Degraded performance on customer pages and the primary application.

Write-up

Detailed Incident Report: Service Outages on Aug 22-23

At LaunchNotes, we strive to offer the most efficient and reliable software service possible. We are committed to full transparency with our user community, which is why we're sharing a comprehensive report detailing our recent outage.

Background & Prelude to Incident

In an effort to improve the performance and accuracy of our convent viewer analytics, we've recently invested time and resources in reworking the queries and underlying database schema. Additionally, a significant portion of this transition involved moving our workload from the primary Postgres database to a more scalable, managed TimescaleDB instance that is better suited to the type of analytics data we’re storing and reporting.

As a result of our investigation, we uncovered a few areas for improvement:

Several surprisingly inefficient queries slowed down our systems, notably unnecessary joins, and problematic indices on content views.
A misconfiguration of caching was leading to unnecessary requests and load to our databases.
At times of higher load, this would cause us to bump up against our database connection limits. This would occasionally lead to dropped connections and a poor user experience.

Over the past few days, we’ve seen some diminished performance with our embeddable widget, and served as a revealing gauge of the lurking problems. We started looking deeper into it and noticed a few things:

A bloat in our Redis cache key count and storage, and slower read & write times.
Excessive analytics queries sought to capture both the initial and concluding viewed timestamps for every announcement in both the call and the embed.
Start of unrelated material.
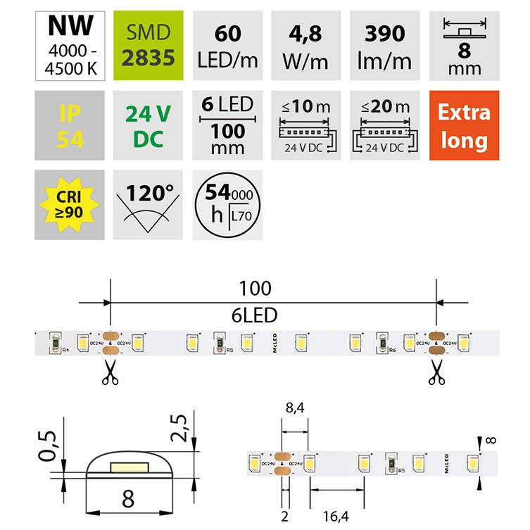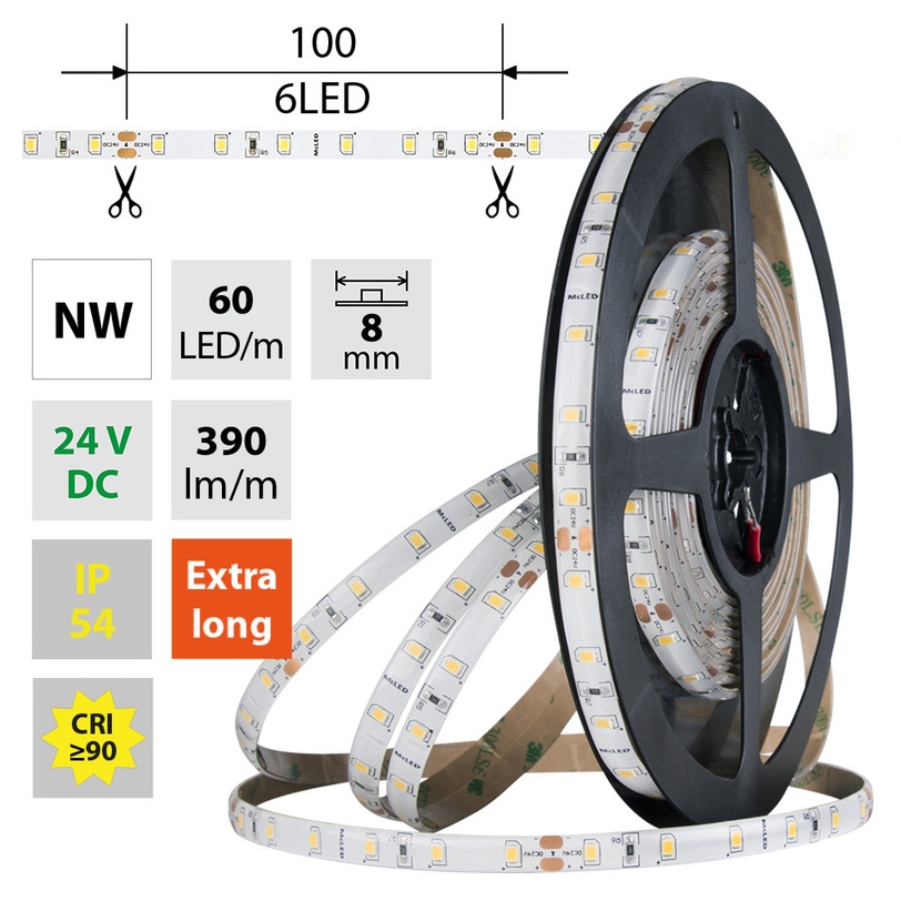 LED pásek SMD2835, neutrální bílá (4200K), 4,8W, 60LED, 390lm/m, CRI>90, segment 100mm, 6LED/segment, IP54, DC 24V, životnost 54000h, šíře 8mm, bílý PCB pásek, max. délka pásku při jednostranném zapojení: 10m, opatřen samolepící páskou 3M, UV stabilní. Balení 5m.
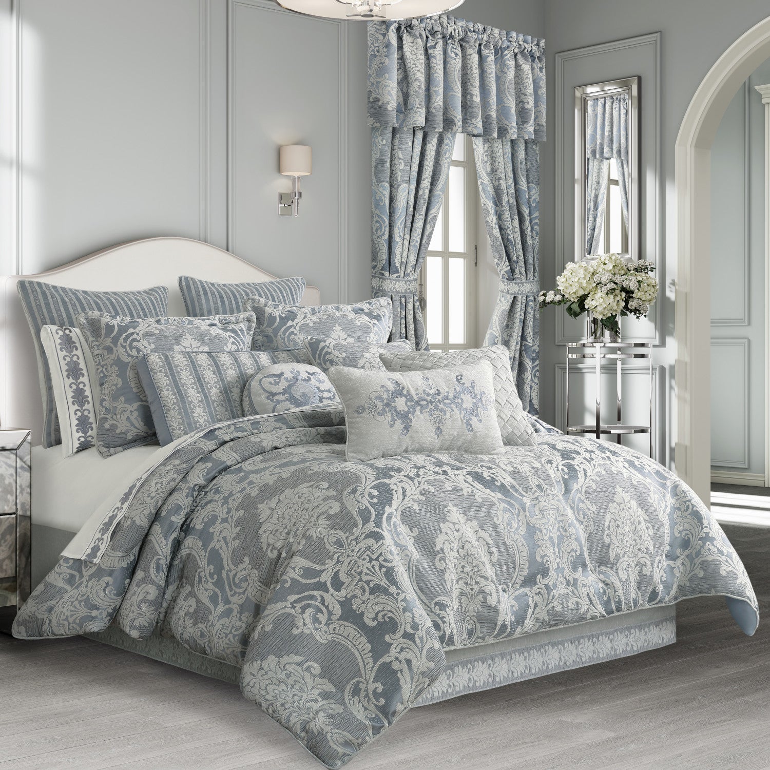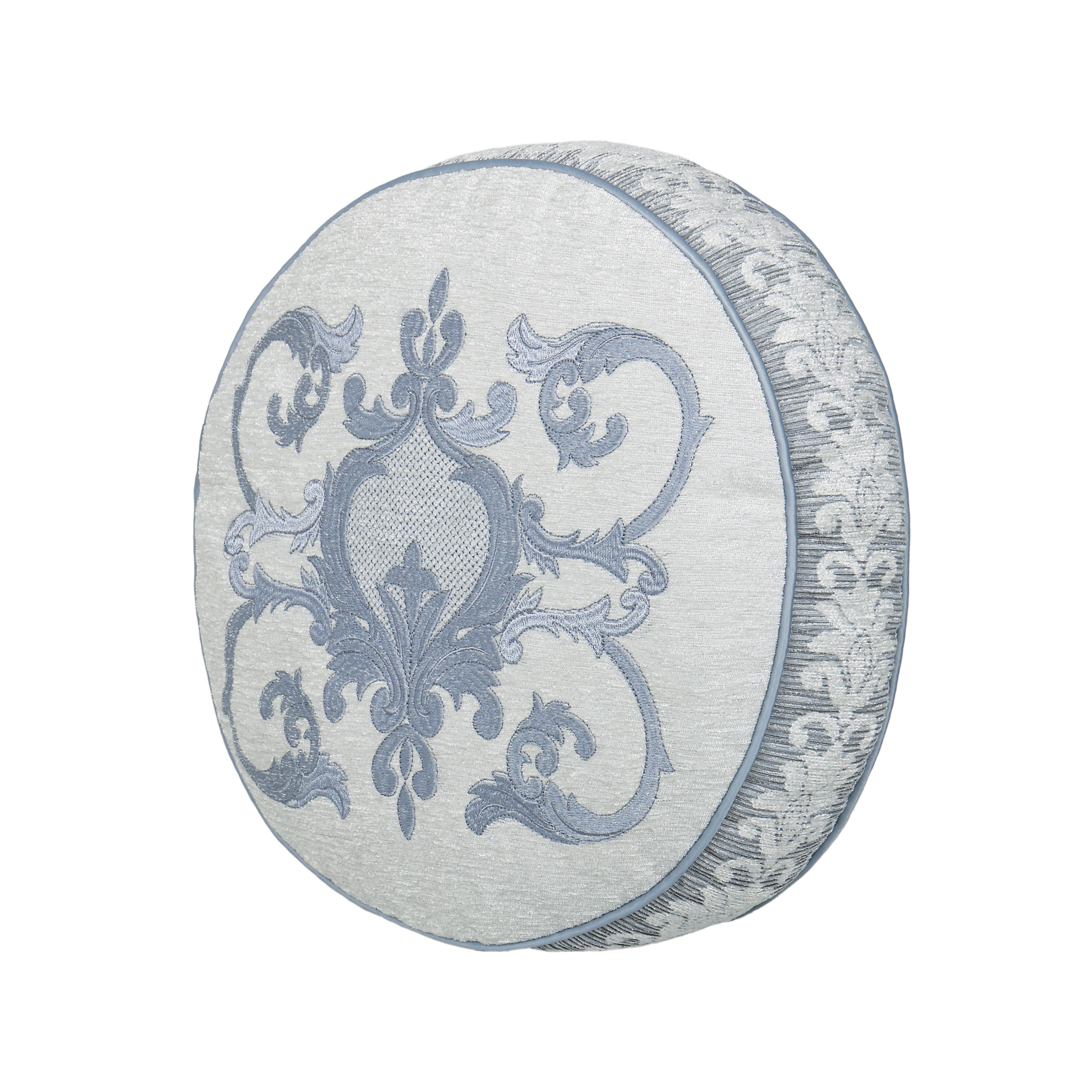 The Queensbury Round Pillow features a woven chenille fabric with a steel blue medallion embroidery to create a one of a kind accent to this bedding ensemble

This amounted to 21 queries, a sizable load by default.
More programmatic traffic than expected, as we noticed several agents with automated pings to this endpoint.

However, we were still up and running, largely due to an aggressive caching strategy at this endpoint. Our Redis instance was bailing us out, ensuring that a majority of requests did not directly burden the database, providing ongoing, albeit brittle, stability.

The Outage

The incident expanded in scope and impact on Monday, August 21. As a part of the previously described ongoing effort, we pushed a change on the evening of the 21st that altered the cache key for the primary call for the embed. This call was responsible for every piece of data that renders on the embed, and fires on page load, so the load was significant.

With this, we started seeing an increase in cache misses, and with it, a significant load increase on our Timescale database. As it was late in the day, this did not yet take any of our systems down.

The next day (Tuesday, Aug 22), as the majority of our traffic started to come online, we started to experience intermittent downtime, which culminated in a 23-minute hard down period for all service early in the afternoon (EDT). By this time, an incident had already been declared, and the engineering team was all hands on deck, responding to the outage.

This scenario exposed a series of overlapping issues:

TimescaleDB, though robust, was ill-prepared to manage the raw query volume and the demanding connection count without the cache's protective layer.
Redis, our in-memory data structure store, began to lag. An overextended configuration and the intermittent absence of Time-To-Live (TTL) specifications for keys meant that the system wasn't evicting keys efficiently and predictably.
Our liveness & health checks on a subset of our servers were misconfigured and were aggressively killing instances as they would try to boot under load.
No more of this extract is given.